Another study indicated significant differences between rectal and colon cancer in the amplification of genes for cell cycle as cyclin-A2, -B1, -D1 and –E [15]. An omic study using Illumina HT-12 V4.0 Expression Beadchip oligonucleotide microarrays (San Diego, CA) found RC to be more complex than CC as 676 genes related to 11 signal pathways were differentially expressed in CC development, compared to 1,789 genes related to 30 signal pathways altered in RC, with 824 common differentially expressed genes up- or down-regulated in both CC and RC [2], leading to the conclusion that colon and rectal cancers represent two distinct types of tumors. We will focus in this research on CC as it is more abundant in the USA, and much more CC patients report to our Collaborating Clinics compared to RC, which will provide us with needed CC samples to achieve study aims.
In this chapter, we have focused on colon cancer (CC) because it is more prevalent in the USA. Screening for colon cancer is the process of looking for the disease in people who show no symptoms for malignancy [1,16]. Regular screening can detect colon cancer at its early stages, when it is most likely curable, because if growing polyps are observed, they can be removed before them having a preponderance to develop into a full-blown cancer [17]. It should be emphasized, however, that none of the tests currently on the market is optimal, and have poor rates in certain segments of the population.
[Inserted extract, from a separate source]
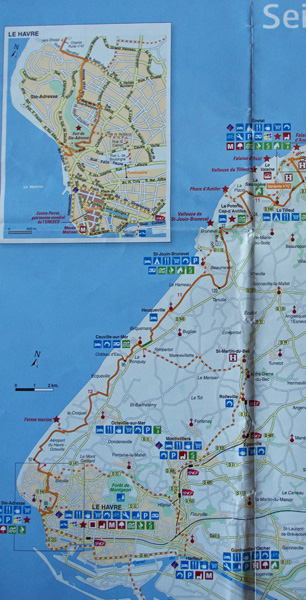Il sera plus compliqué de rejoindre le Havre, dans l’entrelacs de voies rapides interdites aux vélos. Grâce aux indications de cyclistes j’y parviendrai néanmoins, étant attentif à bien mémoriser l’itinéraire en prévision du retour nocturne. Ce fut effectivement prudent, tout comme le fait d’avoir emmené une lampe car une bonne partie du trajet ne bénéficiait pas de l’éclairage urbain et mon éclairage de signalisation se serait révélé nettement insuffisant.

There are different tests to screen for colon cancer, which fall into two broad categories [18]: a) In vivo tests, which detect both polyps and cancer, and looks at the structure of the colon to find any abnormalities. This is carried out with an x-ray either after ingesting a contrasting liquid, followed by inserting a scope into the rectum (flexible sigmoidoscopy, capsule endoscopy, double contrast barium enema), or in other tests that employs special x-ray imaging such, as CT colonography (virtual colonoscopy). These tests although invasive, they allow for the removal of polyps when seen, and therefore present a role in colon cancer prevention. b) The second group of tests look for signs that the cancer may be present in vitro (in either stool or blood), and generally looks at the genetic material (whether DNA or RNA) in a non-invasive excrement (stool) or in a semi-invasive body fluid (blood), so that tests with high sensitivity and specificity, which are capable to function as an acceptable screen for this preventable cancer (e.g., guaiac- and immunological-based FOBTs, and molecular DNA tests in either stool and blood) are developed. These tests are less invasive and are easier to carry out, but many of them have low sensitivity for polyps’ detection, unless they are further developed and refined [1,16-18-29]. Therefore, much effort and expense have been spent during the last 20 years to develop acceptable non-invasive tests [19-28]. All of these tests and others can be used when people have symptoms of either colon cancer, or other digestive diseases to check on the progression of anomalies. Table 1 compares the tests used to screen for colon cancer.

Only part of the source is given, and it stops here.